Dr. Ngo and colleagues wanted to assess the impact that these payments had on a patient’s willingness to return for important follow-up imaging.

The researchers surveyed 932 patients presenting for breast imaging at Boston Medical Center between September 2021 and February 2022. The survey was comprised of demographic questions on race, education level, annual household income and insurance payor, as well as scenarios about utilization of breast imaging. There was a variable response rate on questions.
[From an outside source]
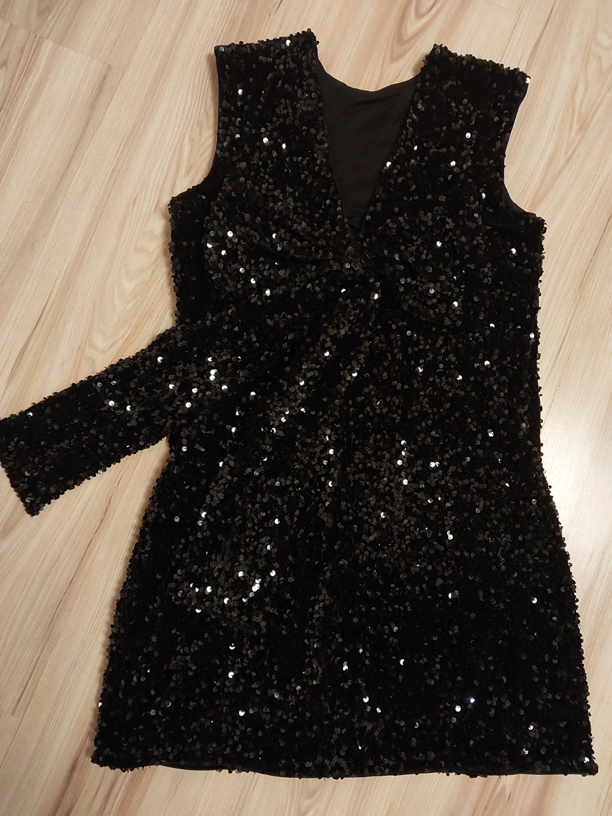 Nové flitrové šaty. Vzadu mašľa, elastické. Nenosené.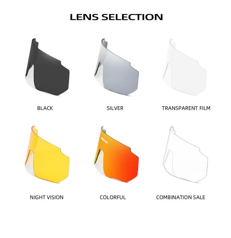 - உயர்-வரையறை UV400 துருவப்படுத்தப்பட்ட பாலிகார்பனேட் லென்ஸ், இது வலுவான ஒளியைத் திறம்படத் தடுக்கும். சாம்பல், கண்ணாடி நிறம், ஃபோட்டோக்ரோமிக், இரவு பார்வை மற்றும் வெளிப்படைத்தன்மை போன்ற பல்வேறு செயல்பாடுகளிலிருந்து லென்ஸைத் தேர்ந்தெடுக்கலாம்.

When asked whether they would skip indicated imaging if they knew they had to pay a deductible, of 714 respondents, 151 (21.2%) said they would skip imaging, 424 (59.4%) said they would not skip imaging, and 139 (19.5%) were undecided.

“The patients who were more likely to say they would skip diagnostic imaging tended to be racial/ethnic minorities, have a lower educational level, have a lower-income household, are on Medicaid or have no insurance at all,” Dr. Ngo said.